We conducted a case-control study and collected clinical and environmental samples.


We identified 5 culture-confirmed case-patients and 2 presumptive case-patients who had no bacteria recovered from cultures. The 7 case-patients were compared with 28 controls who underwent procedures at the same clinic but did not develop symptoms of infection. All confirmed case-patients had S. marcescens bloodstream infections; 2 had concurrent S. marcescens central nervous system infections. Case-patients were more likely than controls to have procedures that used contrast solution or entered the epidural or intervertebral disc space (P< or =0.01 for each). All S. marcescens clinical isolates were indistinguishable by pulsed-field gel electrophoresis. We did not isolate S. marcescens from medications or environmental samples; however, S. marcescens was shown to survive and grow in contrast solution that was experimentally contaminated for up to 30 days.
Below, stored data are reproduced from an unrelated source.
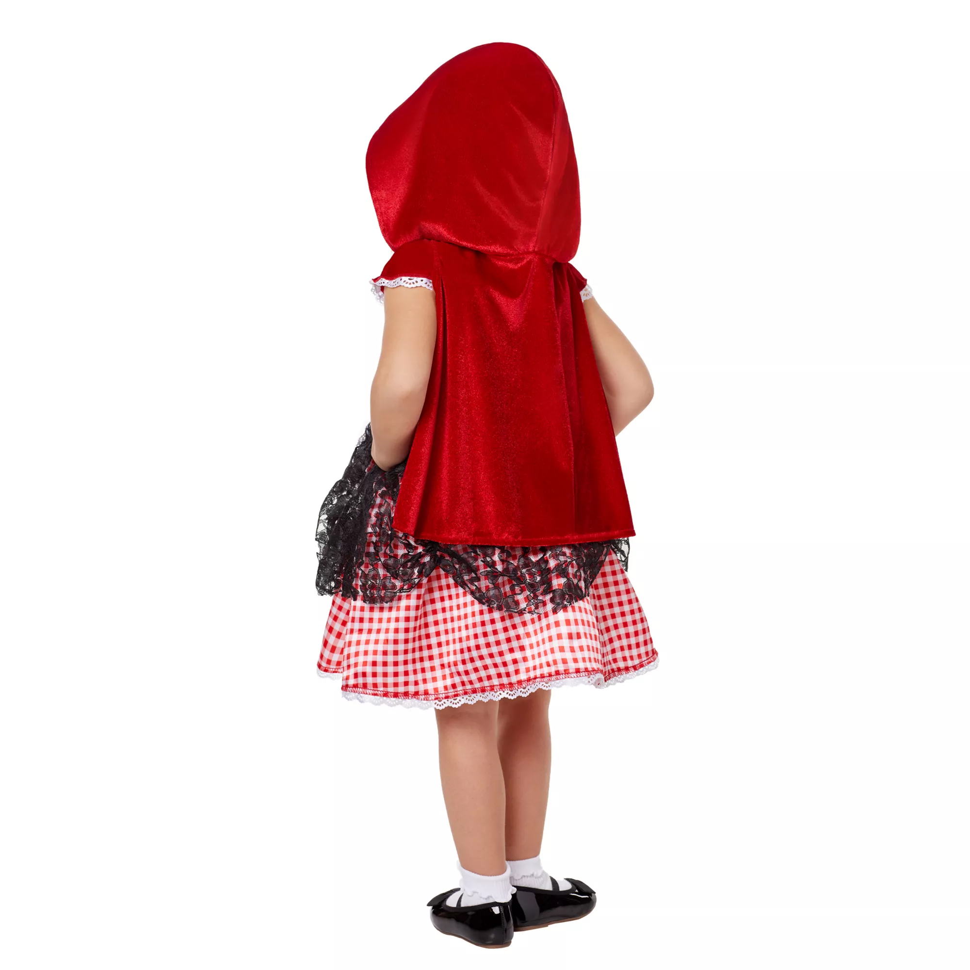 Your little one will be doing more than just traveling to Grandma’s house when you dress them up in this adorable Little Red Riding Hood costume! This beautiful dress features a velour bodice, black lace detail, and a glitter crisscross design. The flutter cap sleeves and a scalloped trim match the attached lace apron that falls beautifully over a red and white checkered flared skirt. Add the included hooded cape and she’ll be ready to be on her way in no time at all!
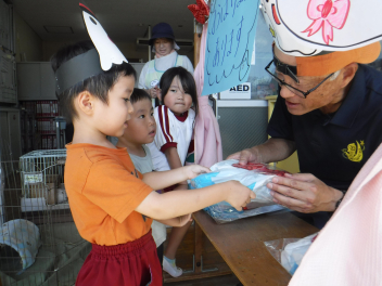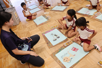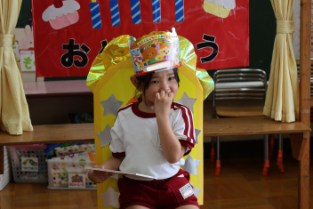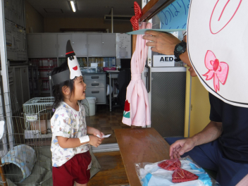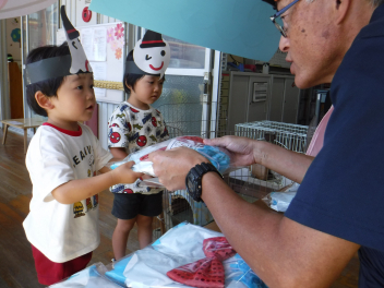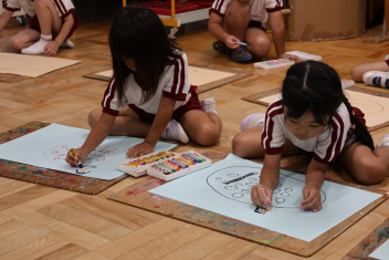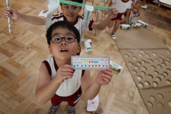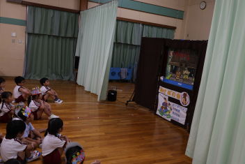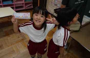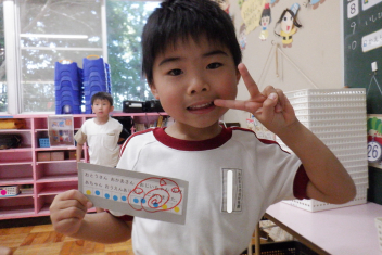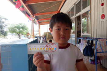 開・閉会式のセリフの練習をしています。暗記で大きな声で言えたら頑張りカードにシールを貼ってもらい、10個貼ってもらえたら、合格の花丸を担任に付けてもらっています。頑張っています。
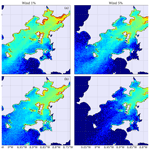 When the wind coefficient increases to 5 %, the overall particle concentration is reduced in the inner region and the accumulation becomes more diffuse, particularly during summer given that the north winds blow the particles out of the estuary. Particles generally drift towards southern regions with increased windage. Beached particles have not been taken into account when creating the concentration maps since they would distort the particle concentration in the sea. These results highlight the significant seasonal and geographical fluctuations in particle retention caused by wind forcing.
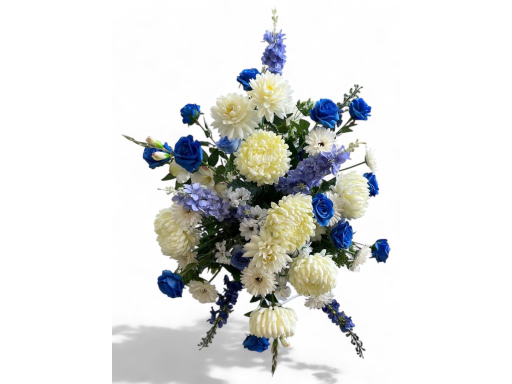 Jemná smuteční kytice v modro-bílé barevné kombinaci s přídavkem fialové levandule. Toto pohřební aranžmá vyjadřuje klid, mír a věčnou vzpomínku na zesnulého prostřednictvím harmonické kombinace květin.

Single-dose vials of medication, including contrast solution, were used for multiple procedures; multiple medications were accessed with a common needle and syringe.


The findings of this investigation suggest contamination of a common medication, likely contrast solution, as the source of the outbreak. Practices, such as reusing single-dose medication vials and using a common needle and syringe to access multiple medications, could have led to contamination and propagation of S. marcescens and should be avoided in interventional pain management procedures.